Je trouve Ibsen bien plus beau et plus poète dans ses tragédies bourgeoises que dans ses drames antiques ou ses poèmes. C’est qu’il y rêve avec plus de force. Il fallait un rêve ardent pour donner la vie aux idées de ces petites gens, presque tous mornes, bouffons, plats et bas sur pattes. Les idées ne vivent que passionnées ; et ces petites gens n’ont pas de passions. Bon gré mal gré, le génie d’Ibsen leur en inculque : telle est l’opération du rêve. Le grand poète est celui qui peut dire : « Mon rêve est plus vrai que votre vérité. C’est une vérité qui dure. » Quel créateur n’a pas l’appétit de la durée, et de prolonger son œuvre dans le temps ? Le rêve médite profondément la vie ; la réalité en sort plus réelle. Il était fatal qu’Ibsen devînt son propre sujet de drame ; il en a fait son chef-d’œuvre, l’ayant pris d’une âme si forte et d’un geste si libre. Quand il n’était encore que peintre réaliste[1], il n’avait pas rendu la vie à la réalité ; et quand il n’était que poète[2], la force durable de ce qui vit lui échappait encore. Puis le jour est venu où, de la vision, il a fait naître les types, ces êtres plus vivans que les vivans. Le don suprême est celui-là. Le poète ajoute alors visiblement à la nature. À la fin, il a tiré du rêve sa propre image : comment aurait-il pu consentir à l’y laisser ? C’était le moins qu’il se créât lui-même.

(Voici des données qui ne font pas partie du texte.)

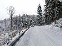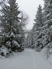 Z vesnice Pulčín už nás směrovky navádějí k ledopádům.Cesta sněhem je prošlapaná a stezka dobře značená.

La scène est un lieu misérable et sublime, où l’esprit de l’homme invite à la beauté de vivre sa pensée propre et la chaude guenille des comédiens. Ibsen n’oublie pas à qui il a affaire.

  1. Cf. la Comédie de l’Amour, 1869 ; l’Union des Jeunes, 1869 ; les Soutiens de la Société, 1877.
  2. Cf. Brand, 1866 ; Empereur et Galiléen, 1869-1873.